So how does a young filmmaker, making his first feature, deal
with such veterans on the set?



"It was a pretty egoless set," recalled Ponsoldt. "Once
Nick was committed to doing it, he wanted to meet me – to make
sure I’m not a jerk, I guess – and he took great pleasure in
the part. He works like a child in that he finds the honesty
in the role."



Ponsoldt based the male characters on men in his own life, such
as his father and grandfather.



"They were taught not to express emotion, so they talk in
roundabout ways," he said. "It was impossible for them
to be emotionally honest."



Although Ponsoldt wrote the script in Georgia, it was shot in
upstate New York.



"I really needed agrarian, post-industrial, former factory
towns," he said, and he found them in New York state, in
towns like Suffern and Haverstraw.



"Off the Black" screened in the Spectrum section of
the Sundance Film Festival, which seems to cover most films not
in the competitive sections. The premiere screening was in the
1,000-seat Eccles Theater.



"It was fantastic," said Ponsoldt. "The place
was so packed, my friends couldn’t get in!" And much of
his cast and crew were there to participate in the question and
answer session after the screening.



While the public screenings are a rush, let’s not forget that
Sundance is very much about the business of film.

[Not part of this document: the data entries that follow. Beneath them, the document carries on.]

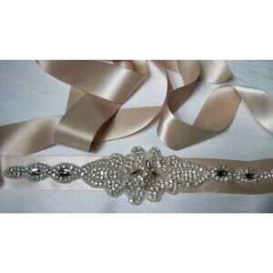 Beautiful blush-vanilla color rhinestone belt. The ribbon is double faced satin 1 1/2 inch wide and 108 inch long. The hand sew on applique is 12 inches long.
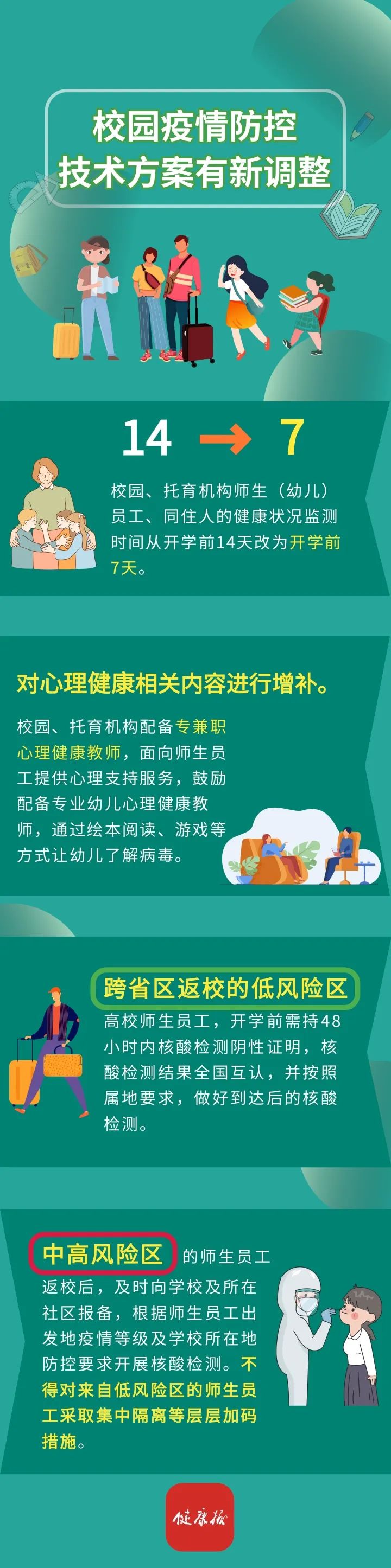 3个新版方案都要求各地教育行政部门会同卫生健康、疾控等部门加强对校园、托育机构疫情防控工作的督导检查,认真排查辖区内学校疫情防控措施落实情况,对检查中发现的问题立行立改,及时跟踪整改到位;并将对师生(幼儿)员工、同住人的健康状况监测时间从开学前14天改为开学前7天;对心理健康相关内容进行增补,高等院校、中小学校新版防控方案均强调,要配备专兼职心理健康教师,面向师生员工提供心理支持服务,托育机构新版方案也新增关注情绪变化内容,并鼓励配备专业幼儿心理健康教师,通过绘本阅读、游戏等方式让幼儿了解病毒。
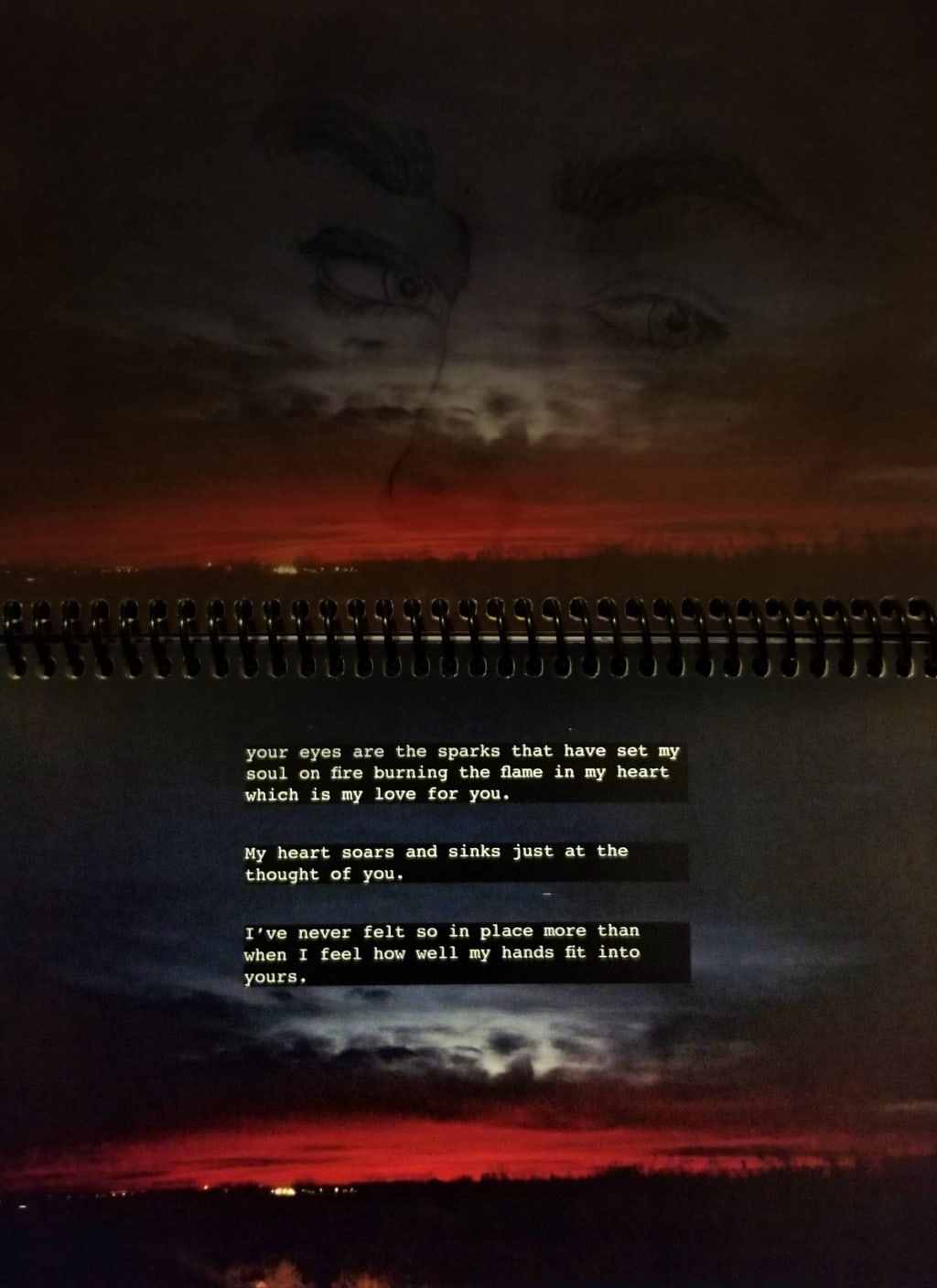 your eyes are the sparks that have set my soul on fire burning the flame in my heart which is my love for you.
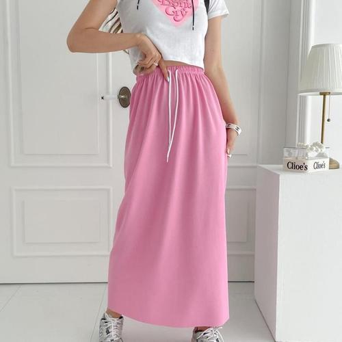 [다잇템]여자 고무줄 SS 살랑 트임치마 롱스커트 (10516515A)
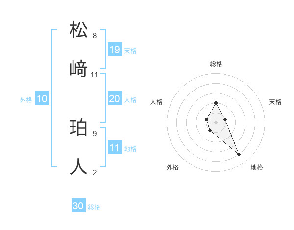 松﨑 珀人さんを姓名の画数から五運を鑑定
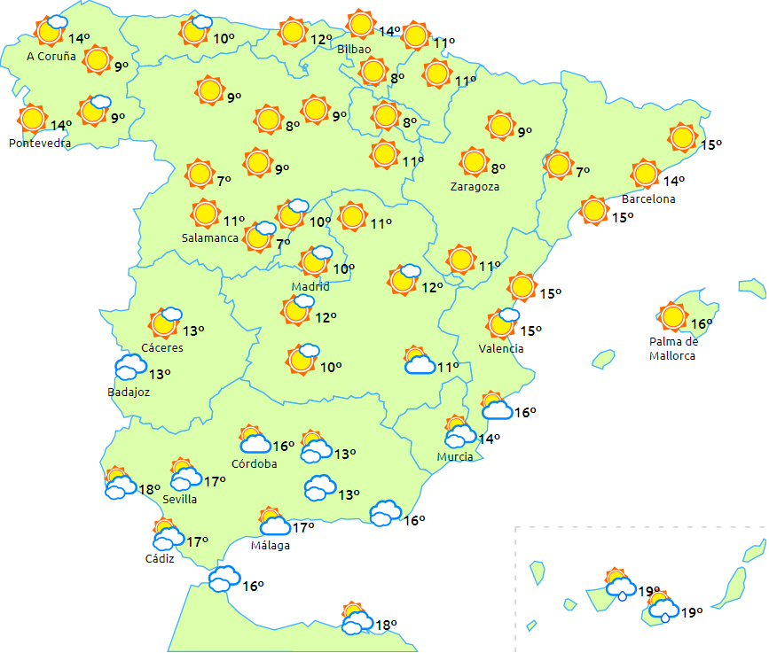 Generelt sker der ikke det helt vilde med temperaturerne bortset fra stigende dagstemperaturer i de sydlige indre egne og faldende dagstemperaturer på De Kanariske Øer. Nætterne bliver også en smule lunere i den sydøstlige del af landet. Frost er begrænset til den indre del af den nordlige halvdel af halvøen og lokal frost i sydøst. Koldest bliver det i områderne på den nordlige højslette, De Iberiske Randbjerge og Pyrenæerne.

"[Columbia University professor and ’Brokeback Mountain’
producer] James Schamus says that there are two parts to a film,
making it and selling it, and that the two shouldn’t be confused,"
said Ponsoldt.



Clearly he hasn’t confused them, as his producer and sales rep
have been talking to a handful of people regarding theatrical
distribution. That’s so you’ll be able to see it in a theater
near you.



Return to ’Gowanus’



Two years ago, Park Slope filmmakers Ryan Fleck and Anna Boden
were at Sundance with their award-winning short, "Gowanus,
Brooklyn," and the film’s talented young star, Shareeka
Epps. Now that they’ve developed that short into the feature
film "Half Nelson," they returned to the festival,
in the dramatic feature competition.



And Shareeka is back, too.



Now 16-years-old, the actress plays the same character, Drey,
a young student who tries to figure out her life with some not-so-hot
father-figure role models to deal with, including Ryan Gosling
as a well-meaning teacher with inner demons raging.

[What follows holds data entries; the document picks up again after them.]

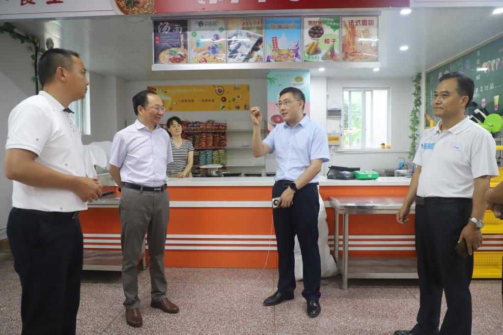 8月27日下午,校长张立驰,副校长王延寿、阳光宁、汪贤才深入教学楼、实验室、学生食堂、学生宿舍检查指导开学准备工作。
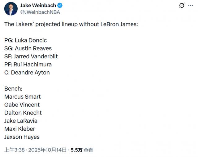 北京時(shí)間10月15日,距離新賽季NBA常規(guī)賽開打僅剩一周。因詹姆斯受傷,湖人隊(duì)賽季初期的陣容安排出現(xiàn)變動(dòng)。著名記者Jake Weinbach給出了自己的預(yù)測(cè),但主帥雷迪克表示最終首發(fā)五人仍未確定。
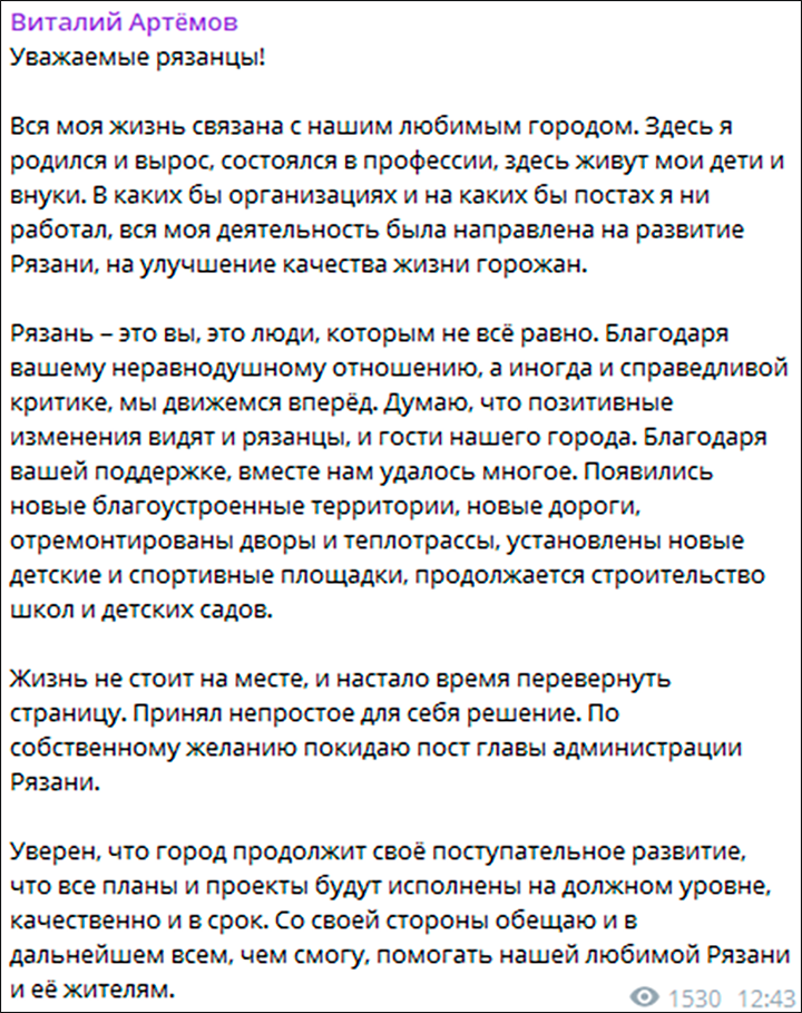 Пост мэра Рязани об отставке в ТГ-канале, скриншот страницы

GO Brooklyn hung out with Shareeka at a party at Zoom restaurant
on Main Street. Formerly from Red Hook, Shareeka now lives in
upstate New York, but she did go home again, as the film was
shot in Fort Greene, Red Hook, East New York and other Brooklyn
neighborhoods. Here at Sundance, Shareeka was, again, having
the time of her life.



The high point had to be when Terrence Howard, the current "it"
man of independent film ("Crash," "Hustle and
Flow," "Lackawanna Blues") walked up to her, shook
her hand and said he liked her work.



"I looked at him and said, ’You’re Terrence Howard!’"
she said. But she was also impressed with the "swag"
available to Sundance "talent": she modeled her new
jacket and cap for GO Brooklyn.



Crown Heights actor Anthony Mackie, who plays Frank, the drug-dealing
friend of Drey’s incarcerated brother, had yet to find the swag,
but he was having fun.



"There are lots of parties here," he said, "and
more fun because the film was so well received."

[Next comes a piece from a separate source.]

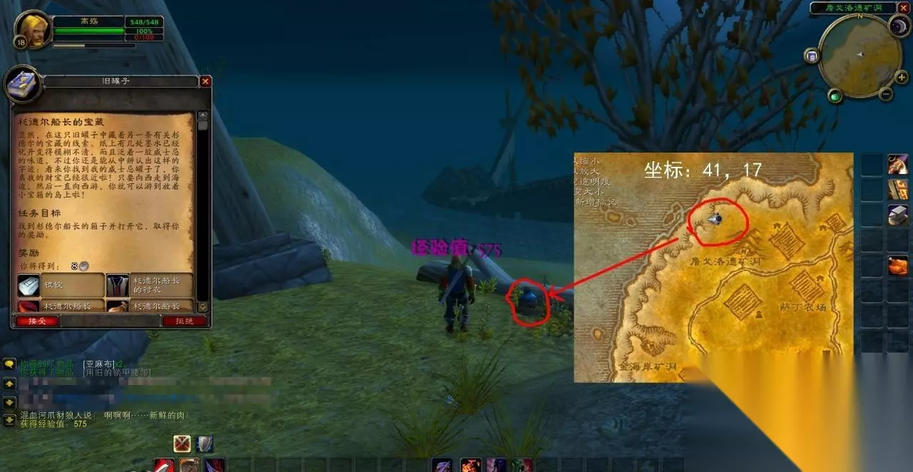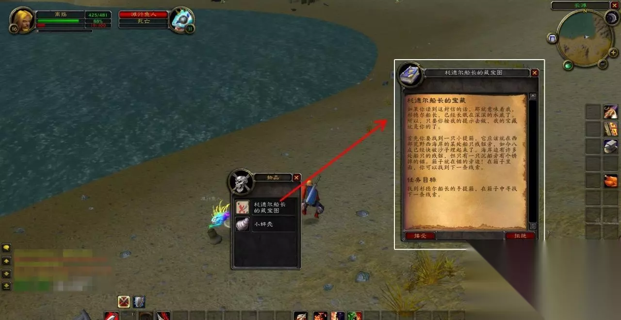 杉德尔船长的宝藏任务攻略 1、在西部荒野西侧的长滩海岸上砍鱼人,有一定概率掉落【杉德尔船长的藏宝图】,右击藏宝图会接到“杉德尔船长的宝藏”任务,要求玩家去找到小提箱,这个任务部落联盟都能接。任务描述中讲到了船只残骸、锈掉的锚,目标很明确。

Fleck and Boden were also enjoying the party, but they were in
business mode. Fleck told GO Brooklyn that this Sundance visit,
with a film in competition, "was nervewracking. So many
people who love the film have invested money in it. We really
need to sell it."



Their wish came true, as New York-based distribution company
THINKFilm picked up "Half Nelson" for distribution
by the festival’s end.



Making the cut



"The Trials of Darryl Hunt" follows the two-decade
long search for justice of a man wrongly convicted of rape and
murder in North Carolina. Filmmakers Ricki Stern and Annie Sundberg
chose Park Slope editor Shannon Kennedy to put the film in its
final form. Just as "Crossing Arizona" director Joseph
Matthew spoke of the importance of editors in completing his
documentary, Kennedy cast her fresh eye on the 400 to 500 hours
of footage that was brought to her.



"You have to figure out how to tell the story," she
told GO Brooklyn at a party off Main Street. "You find the
most compelling stories by reading hours and hours of transcripts."
As an editor, Kennedy had a basic idea of what she wanted to
do, and the filmmakers left her alone for awhile to watch footage,
but at the same time, there was a lot of pressure to get just
the right mood. She feels that she and the directors got that,
and that the film will speak to people.



GO Brooklyn spoke with Kennedy while the filmmakers were doing
a television interview outside the party at Buona Vita restaurant.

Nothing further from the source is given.